* _What you have to do_
From the line that holds "Golf Club Head" down to the last line of the listing below, reproduce each line exactly and nothing more, omitting pictures.

* _Records provided_
- Opening Delimiter -

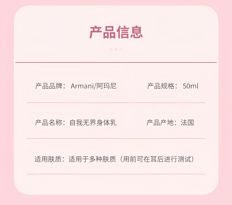 阿玛尼Armani自我无界身体乳50ML
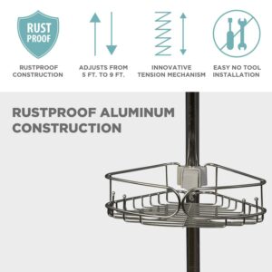 Rustproof Tension Pole Shower Caddy with 4 Basket Shelves, 60 to 108 , Zenna Home Stainless Steel
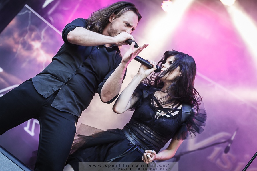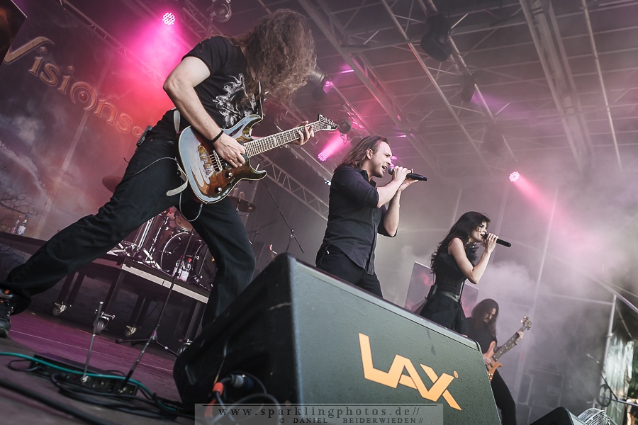 Als nächste Band betreten Visions of Atlantis [GALLERY] um 18:30 Uhr die Bühne. Die Sonne lacht weiterhin vom Himmel und zwingt die meisten Besucher leider immer wieder in den Schatten zurück. Visions of Atlantis lassen sich davon aber nicht beirren und legen direkt fulminant los. Clémentine Delauney setzt sich als Power-Frontfrau gekonnt in Szene und harmoniert stimmlich gut mit Leadsänger Siegfried Samer, beide sind seit 2013 bei der Band, ursprünglich gibt es Visions of Atlantis schon seit 2000. Sie animieren ihr Publikum immer wieder zum Mitmachen, die Schattenlinie wandert weiter Richtung Bühne, die Leute wandern mit. Symphonic Metal, der sich im Gehörgang einnistet und dort für gute Stimmung sorgt. Mit einem Handtuch auf der Bühne lässt es sich gut aushalten und auch die Festivalbesucher kommen in Bewegung.
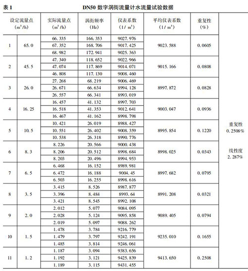 將本文實(shí)現(xiàn)的數(shù)字煙氣流量計(jì)在上述 50mm 口 徑( 簡(jiǎn)稱 DN50) 的水流量試驗(yàn)裝置上進(jìn)行試驗(yàn)。先在其正常流量范圍內(nèi)進(jìn)行試驗(yàn),流量從大到小逐漸降低,之后不斷探求其所能測(cè)量的*小流量。每個(gè)流量點(diǎn)試驗(yàn)三次,計(jì)算其重復(fù)性、平均儀表系數(shù)和線性度。水流量試驗(yàn)數(shù)據(jù)如表 1 所示。
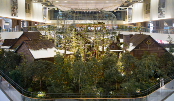 마을 중앙에는 천장을 찌를 듯한 8미터(m) 높이 나무를 중심으로 총 100그루의 숲이 있었다. 나무 한 그루, 한 그루, 흰 눈과 크리스마스 전구로 은빛 장관이었다. 흰 늑대 등 겨울 동물까지 더해져 생생함을 더했다. 특히 하얀 눈의 질감은 가까이서 봐도 진짜 눈 같았다. 현대백화점 관계자는 “지붕 위 눈이나 고드름 등은 레진을 통해 하나하나 구현해 실제 눈처럼 보이도록 노력했다”고 설명했다.
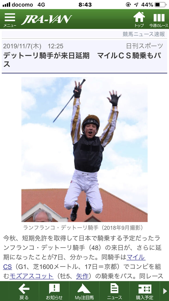 【競馬】デットーリ来日しない可能性が出てきたぞ!
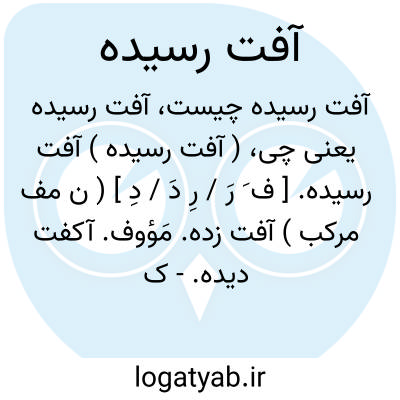 ( آفت رسیده ) ( اسم ) مبتلا بافت آسیب دیده و آفت زده: کشتی آفت رسیده زراعت آفت رسیده.
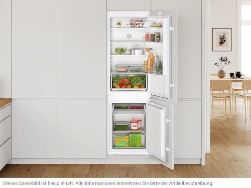 Bosch KIV86NSE0 Serie 2 Einbau-Kühl-Gefrier-Kombination, 177,5 x 56 cm Nische, 183 L Kühlen & 84 L Gefrieren, umweltfreundliche Luftzirkulation, gleichmäßige Ausleuchtung
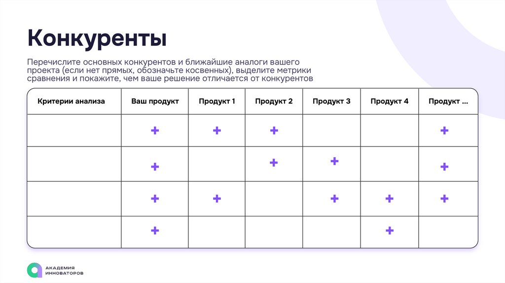 сравнения и покажите, чем ваше решение отличается от конкурентов
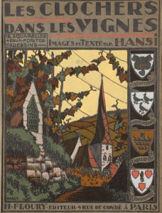 HANSI (Jean-Jacques Waltz, dit). Les clochers dans les vignes. Aquarelles, eaux-fortes et dessins de l'auteur. Paris, Floury, 1929. In-4, demi-basane marbrée fauve, dos à 4 nerfs, auteur et titre dorés, couv. illustrée et dos conservés (leg....
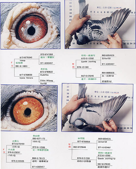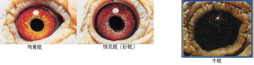 鸽眼的认识:(上图就是詹森八大鸽系中的血统鸽,上图是砂眼,下图是黄眼)对于信鸽眼睛的功能,人们持有各种不同的见解。有人认为,鸽眼是鉴定一羽信鸽是否可以留种或比赛的标志,称之为“冠军鸽的秘密”。也有人认为,在欧洲兴起的“鸽眼论”,到了50年代已处于低谷。更多的人是将信将疑,所谓“不可不信,不可全信”……但是,大多数信鸽爱好者在捉鸽鉴赏时,总喜欢看看这双神秘的眼睛。因此,对鸽眼的正确理解,是基础知识的一个重要方面。 对鸽眼生理结构的名称和用语,信鸽饲养者和眼科医生是不一样的。真有点象中医中药与西医西药那样,神奇的功效却找不到理论依据,科学的理论又解释不了神奇的功效。例如,我经常看到一些养鸽新手们的来信说,养鸽老师傅们常说“鸽眼要干老”,可是我就不知道什么样的眼睛才算又干又老,为什么眼睛干老是优良鸽子。当然,这是一种经验之谈,既不容易掌握,也很难说得清楚。需要多看,细看,有比较地看,熟能生巧,功到自然成。 当你要鉴赏鸽眼时,先不要用放大镜,可按如下的顺序: 在鸽子尚未捉到手里之前,先看它的眼神。当你看到它的同时,它也发现你在注意它,所以它的眼睛会告诉你,这羽鸽子或胆怯,或机警,或善良,或凶猛,或滞呆,或聪明等等。那末,这几种鸽子哪一种好呢?这就是公爱馄饨婆要面,各有各的爱好,各有各的需要。欧洲国家多放中,短程,要求赛一归巢马上钻进活络门,任你捉拿、打钟,报到,争取到时间。他们喜欢秉性善良的,听从使唤的。我国和美国、澳国,都举行超远程竞赛,要求赛鸽在野外觅食、宿夜、能逃避天敌袭击和人的捕捉,就喜欢机警、凶猛的信鸽,捉到手里“咕咕”叫的。但滞呆的鸽子是都不受欢迎的。泰国赛鸽会会长陈木坤在上海鉴赏鸽子时,我见他在离鸽子一公尺远,用手指在鸽子面前来回划几下,观察鸽子的反映。当然,他喜欢敏感的鸽子,如果鸽子眼睛不是跟着转,而是呆若木鸡,这就不见得是好鸽子。 当你一鸽在握之时,先要注意这羽鸽子的眼睛着生的位置,一般的要求生得高一些。但眼睛着生位置的高或低,差别是很微小的,初养鸽子的是很不容易区别的。李梅龄要求鸽眼着生的位置在嘴喙线以上。在养鸽实践中这种鸽子是极少的,而多数是,嘴喙线与眼睛的中心线平行的。鸽眼位置的高低,是否会对视线有影响?有人说眼睛生低了,视线会给鼻瘤所阻挡。此话当真?请鸽友们在自己的实践中找答案。 接着,你就看一下眼睑(俗称眼皮)。眼睑有红、黄、黑、灰,白等多色,哪一种颜色的眼皮都不会影响飞行和作种,只是各人的偏爱罢了。我就不那么喜欢红眼皮和黄眼皮,觉得黑色和灰色较好,白色的更好看。但这也不是品评的标准。眼睑有厚有薄,薄的要比厚的好看。白色的薄薄的眼皮, 紧包住眼球的,比较讨人喜爱。“厚眼皮会阻挡视线”之说,是不能成立的,我看过不少优胜鸽,其中不乏是厚眼皮的。 看罢眼睑,再看眼球,眼球大些的比小些的好看。这仅仅是“卖相”好看,不影响飞翔和留种。眼球要干,水淋淋的不合标准。如果双眼含泪,必然视线模糊,视距不远。赛鸽的飞速,约每小时80公里,自然界无风,也会产生6级以上的风速。如果逆风飞翔,风速更高。一双流着泪的眼睛要飞出好的成绩是难以想象的。 上述几部位花不了一分钟就可以看完了,现在需要花点时间观察瞳孔。一羽好的赛鸽,它的瞳孔在阳光下频繁地收缩和扩大,收缩得越小越好,频率越快越好。有经验的养鸽老手,他那按住鸽头的大姆指和食指,能感觉得到瞳孔收扩的频率。瞳孔收扩良好,表明这羽鸽子聪明,反映敏感,它能在艰难的旅程中发挥出强大的适应能力。 最后就要看它的虹膜彩虹,也就是人们常说的底砂和面砂。底砂要求清澈明亮,桃花砂底板白亮如银,而鸡黄砂则要求金光锃亮。底砂暗淡无光,就不是一羽好鸽子。面砂要有层次,有立体感。砂粒好似悬挂在底板上端那样,是好鸽子,如果象水彩画那样呈一个平面,就不合格。 鸽眼总体可以分为三类:黄眼、砂眼、牛眼。 又细分为以下几种: 1.云砂:眼底砂有灰圈。白云云底,面砂呈分红色。(善阴天飞翔) 2.桃红砂:瞳孔周围有云底。面砂成红色。(善阴天飞翔) 3.云桃红砂:眼砂居于云砂与桃红砂之间。(阴天) 4.蓝水桃花:眼砂紫红。眼底呈现兰色。称蓝水紫桃花砂。(强光) 5.土红砂:黄与红两种砂色均匀配合。(阴天) 6.黄底红砂:底砂以黄砂为主。面砂红砂为主,黄红个占一半。等对构成。(强光) 7.黄底飘红砂:黄色底砂占主要成分。面砂略显少量飘红砂。(强光) 8.红砂:底砂和面砂菌以红砂占主要成分。(强光) 9.紫砂:整个眼砂均为紫色,数高翔型眼砂。(高翔) 10.粗红砂:砂底微黄,面沙粒大布漏整个红膜。(热带) 11.油眼砂:瞳孔周围有绿色稀蓝色圈,面砂紫而发暗灰色。(夜间) 12.乌眼砂:底砂,面砂均为黄色绿色二种色调组成,属于黄绿微黑色砂型。 (白。黑) 13.酱砂:底砂,面砂均由黄、红、黑等色组成的褐色砂型。底砂金色发亮,面砂为暗棕色,瞳孔线口为黑色,各色均为调和,属“全天候”砂型(白、夜)。 2007-6-27 19:50:27
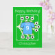 ¡Envíe saludos de cumpleaños a su estrella de fútbol! Una tarjeta de cumpleaños totalmente personalizable con temas de fútbol/fútbol con una camiseta de fútbol azul aky en los colores de la Ciudad de Manchester, sobre un campo con balones de fútbol siendo pateados para disparar en todas direcciones, con estrellas doradas. Personalice el saludo de cumpleaños; el número escrito que podría sustituirse por un apodo; el número que aquí representa una edad, así como el nombre que podría adaptarse al nombre de un club de fútbol favorito. ¡Brillante, alegre, positiva diversión futbolística para los hinchas futbolísticos / deportivos!
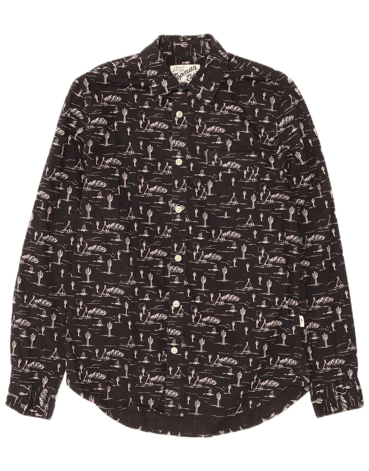 TOPMAN Ανδρικό πουκάμισο με αφηρημένο σχέδιο, μικρό μαύρο βαμβακερό
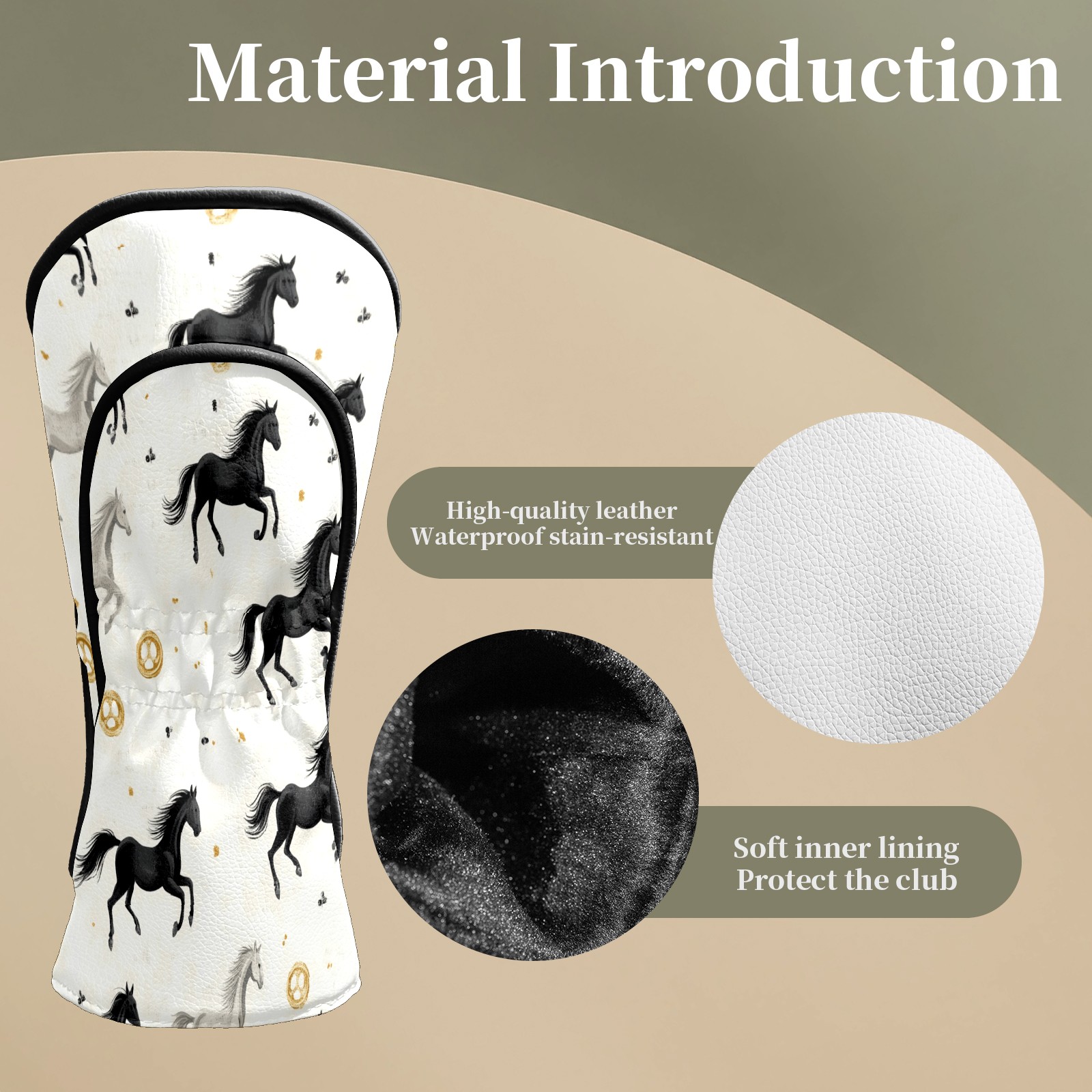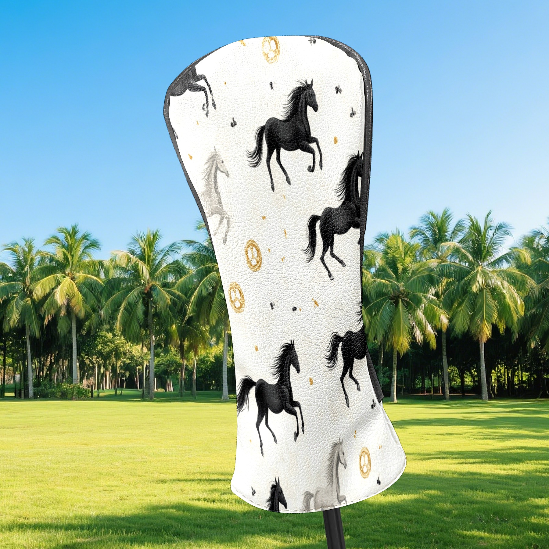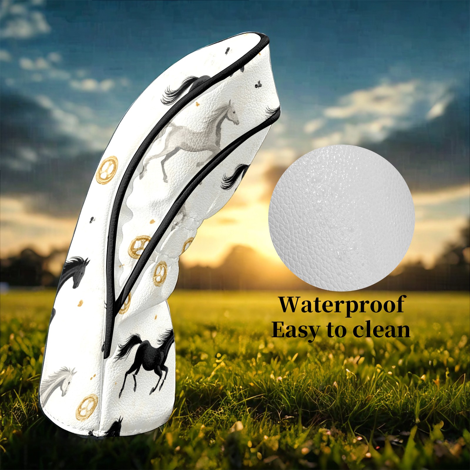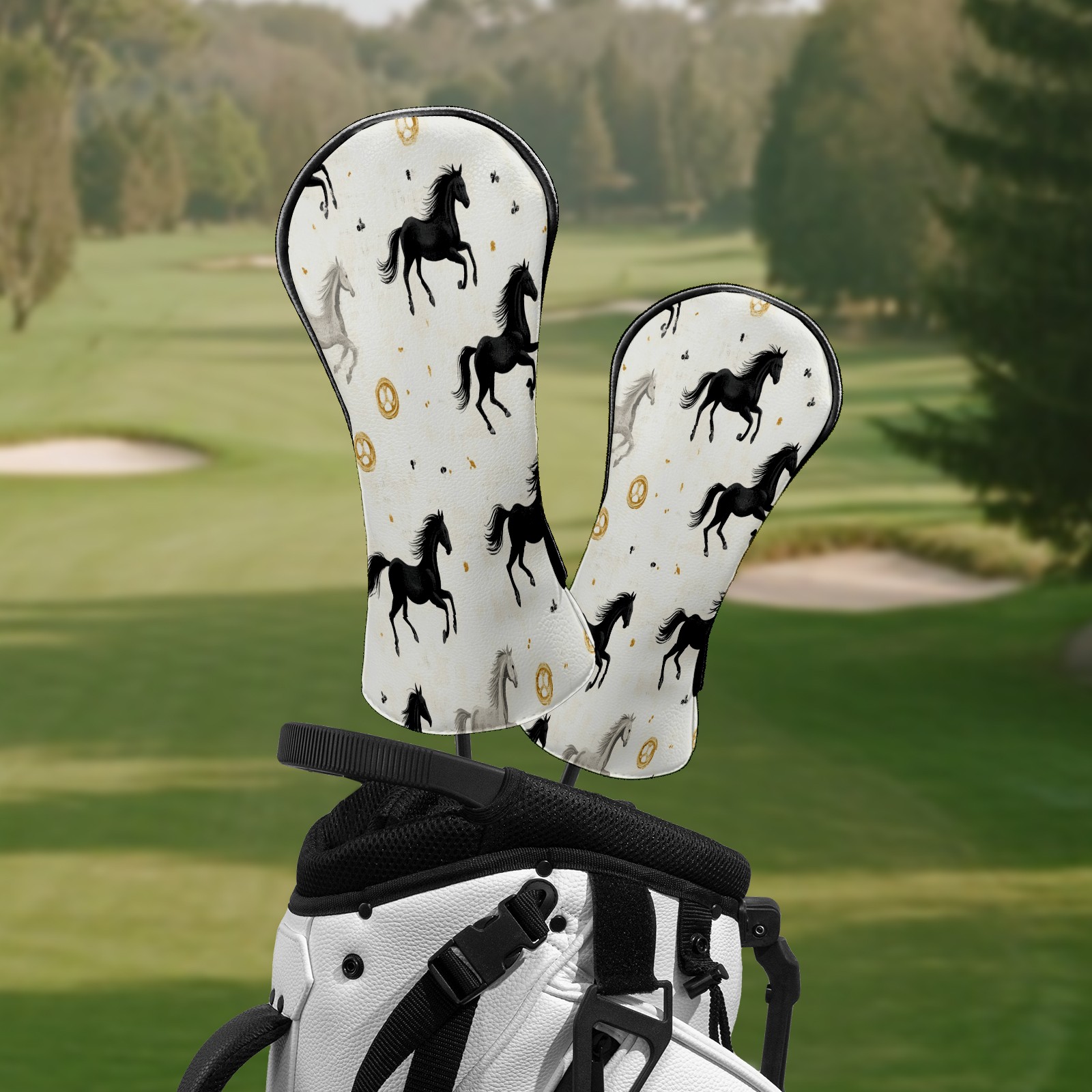 Golf Club Head Covers for Driver and Fairway Woods, Waterproof Leather Headcovers for Golf Clubs, Ideal Golf Accessories Gift for Men Women (Horses)
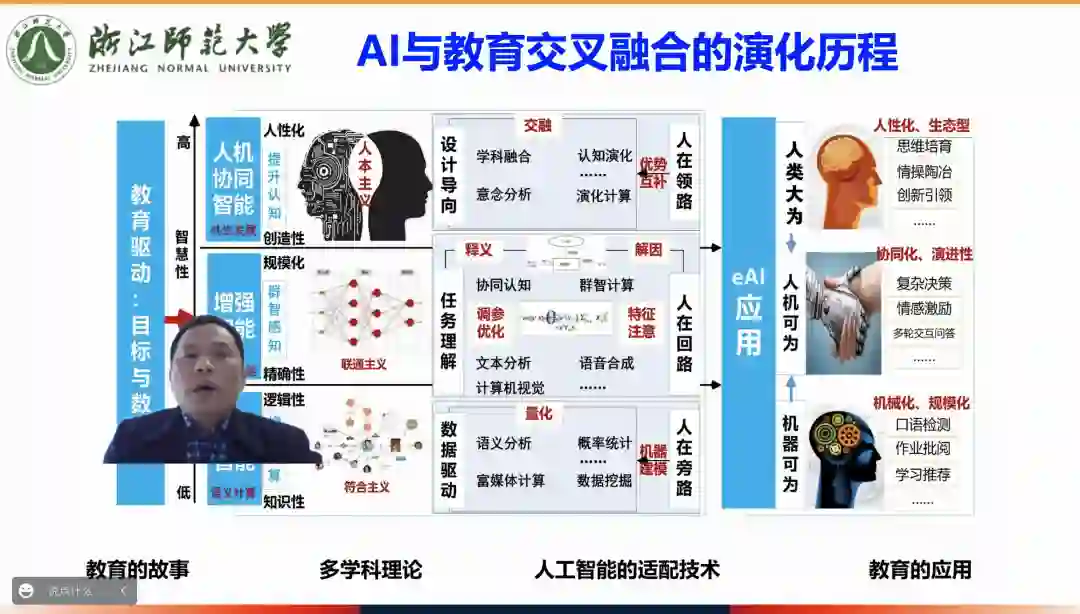 浙江师范大学智慧教育研究院副院长、浙江省智能教育技术与应用重点实验室主任黄昌勤教授做了题为《AI与教育交叉研究的理论、方法与实践——兼谈F0701申报进行实战》的报告。

- Closing Delimiter -

* _Solution for this task_
 Golf Club Head Covers for Driver and Fairway Woods, Waterproof Leather Headcovers for Golf Clubs, Ideal Golf Accessories Gift for Men Women (Horses)
 浙江师范大学智慧教育研究院副院长、浙江省智能教育技术与应用重点实验室主任黄昌勤教授做了题为《AI与教育交叉研究的理论、方法与实践——兼谈F0701申报进行实战》的报告。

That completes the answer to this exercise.